**Directions:** Only lines with the string "sizes" should be returned from the data below.

**Available data:**

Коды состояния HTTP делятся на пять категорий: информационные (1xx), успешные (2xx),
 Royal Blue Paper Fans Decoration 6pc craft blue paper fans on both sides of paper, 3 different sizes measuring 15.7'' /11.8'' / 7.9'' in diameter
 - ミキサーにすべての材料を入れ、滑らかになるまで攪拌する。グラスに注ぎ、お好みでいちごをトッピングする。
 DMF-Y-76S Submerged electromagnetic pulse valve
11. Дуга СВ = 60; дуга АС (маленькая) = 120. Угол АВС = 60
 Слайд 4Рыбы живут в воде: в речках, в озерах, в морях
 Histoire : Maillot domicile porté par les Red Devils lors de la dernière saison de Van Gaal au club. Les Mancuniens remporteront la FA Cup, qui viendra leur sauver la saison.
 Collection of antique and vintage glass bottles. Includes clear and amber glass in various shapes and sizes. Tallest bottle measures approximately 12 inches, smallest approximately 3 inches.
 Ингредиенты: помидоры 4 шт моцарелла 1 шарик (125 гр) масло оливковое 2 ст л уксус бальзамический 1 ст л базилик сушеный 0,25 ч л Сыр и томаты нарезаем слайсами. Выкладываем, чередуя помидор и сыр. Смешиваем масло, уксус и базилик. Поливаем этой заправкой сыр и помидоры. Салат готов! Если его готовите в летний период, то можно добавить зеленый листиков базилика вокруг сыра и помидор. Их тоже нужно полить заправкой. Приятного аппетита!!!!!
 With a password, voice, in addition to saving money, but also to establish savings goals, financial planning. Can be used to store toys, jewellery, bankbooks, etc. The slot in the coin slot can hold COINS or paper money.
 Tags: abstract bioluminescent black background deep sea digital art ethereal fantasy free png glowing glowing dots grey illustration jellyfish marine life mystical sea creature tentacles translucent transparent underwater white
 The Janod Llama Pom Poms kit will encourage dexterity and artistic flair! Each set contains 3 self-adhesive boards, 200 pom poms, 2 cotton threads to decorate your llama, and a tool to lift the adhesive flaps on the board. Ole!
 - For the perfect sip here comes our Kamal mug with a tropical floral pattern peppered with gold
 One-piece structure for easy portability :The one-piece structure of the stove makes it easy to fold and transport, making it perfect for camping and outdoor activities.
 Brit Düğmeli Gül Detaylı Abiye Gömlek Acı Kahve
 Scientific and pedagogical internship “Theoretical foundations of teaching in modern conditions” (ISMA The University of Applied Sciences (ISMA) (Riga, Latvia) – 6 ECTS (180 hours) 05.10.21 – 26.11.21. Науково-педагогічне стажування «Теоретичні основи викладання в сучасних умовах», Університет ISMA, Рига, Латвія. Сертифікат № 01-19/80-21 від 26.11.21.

**Answer to the problem:**
 Royal Blue Paper Fans Decoration 6pc craft blue paper fans on both sides of paper, 3 different sizes measuring 15.7'' /11.8'' / 7.9'' in diameter
 Collection of antique and vintage glass bottles. Includes clear and amber glass in various shapes and sizes. Tallest bottle measures approximately 12 inches, smallest approximately 3 inches.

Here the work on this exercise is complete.